_Data for this exercise_

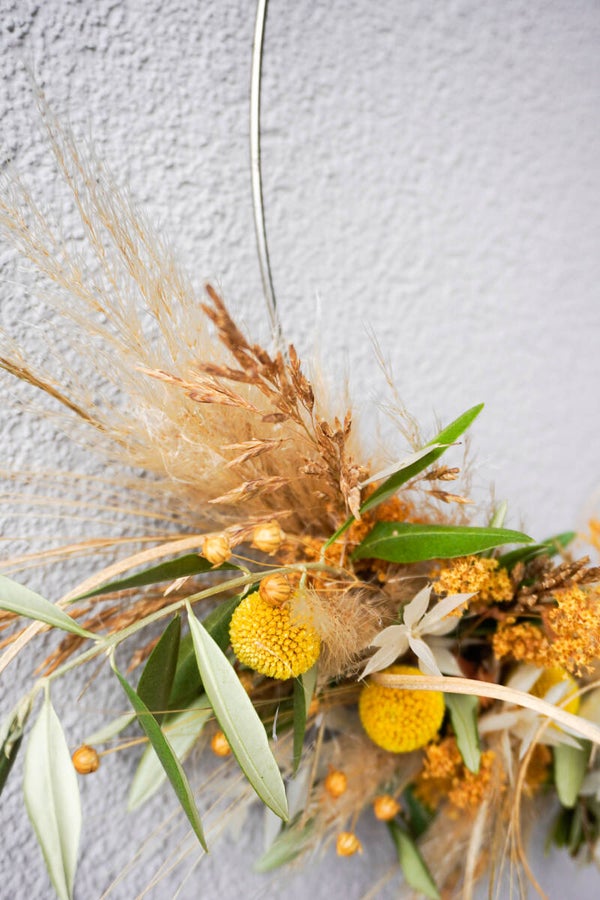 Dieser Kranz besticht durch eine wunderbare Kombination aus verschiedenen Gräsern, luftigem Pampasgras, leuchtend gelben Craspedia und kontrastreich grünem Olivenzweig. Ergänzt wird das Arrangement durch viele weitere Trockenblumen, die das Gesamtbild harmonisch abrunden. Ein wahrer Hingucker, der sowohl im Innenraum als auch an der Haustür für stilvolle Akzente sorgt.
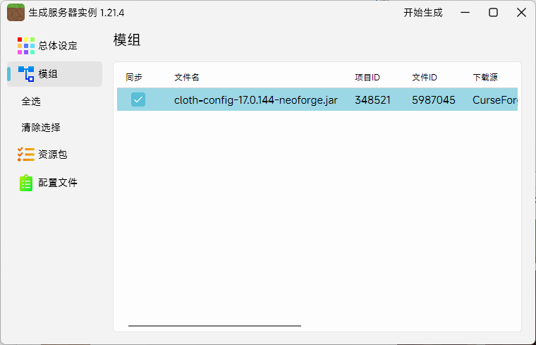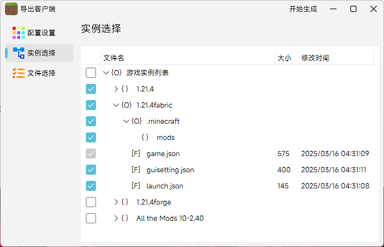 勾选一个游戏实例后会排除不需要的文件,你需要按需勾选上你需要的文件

==

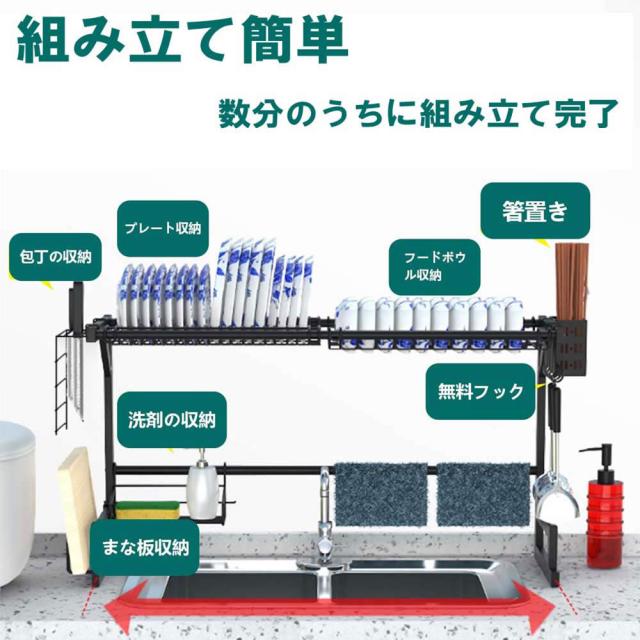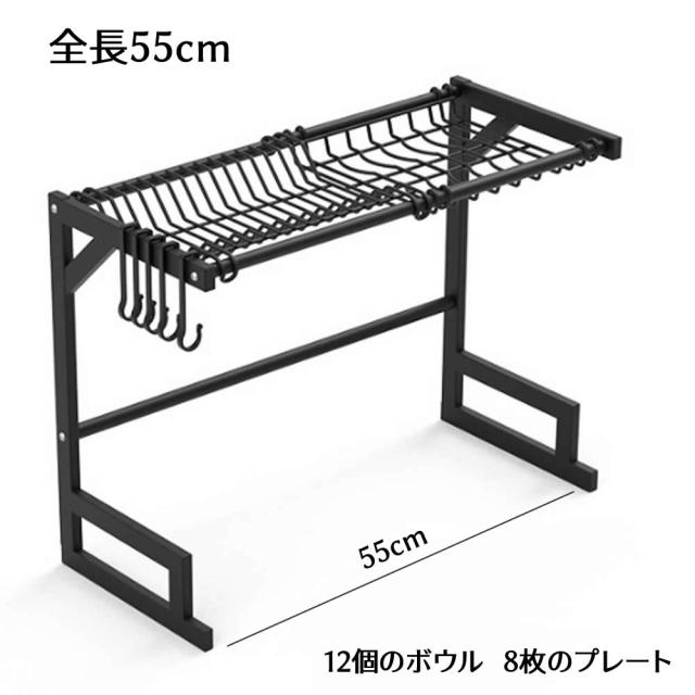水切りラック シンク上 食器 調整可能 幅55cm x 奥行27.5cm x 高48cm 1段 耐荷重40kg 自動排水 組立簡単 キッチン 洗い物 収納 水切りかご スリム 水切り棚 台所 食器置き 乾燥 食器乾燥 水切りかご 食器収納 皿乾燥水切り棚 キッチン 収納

_What you need to do_
Could you repeat, exactly, only the lines above starting at the one that has "Dieser Kranz besticht" and stopping after the one that has "勾选一个游戏实例后会排除不需要的文件,你需要按需勾选上你需要的文件", without the pictures?

_Reply to the task_
 Dieser Kranz besticht durch eine wunderbare Kombination aus verschiedenen Gräsern, luftigem Pampasgras, leuchtend gelben Craspedia und kontrastreich grünem Olivenzweig. Ergänzt wird das Arrangement durch viele weitere Trockenblumen, die das Gesamtbild harmonisch abrunden. Ein wahrer Hingucker, der sowohl im Innenraum als auch an der Haustür für stilvolle Akzente sorgt.
 勾选一个游戏实例后会排除不需要的文件,你需要按需勾选上你需要的文件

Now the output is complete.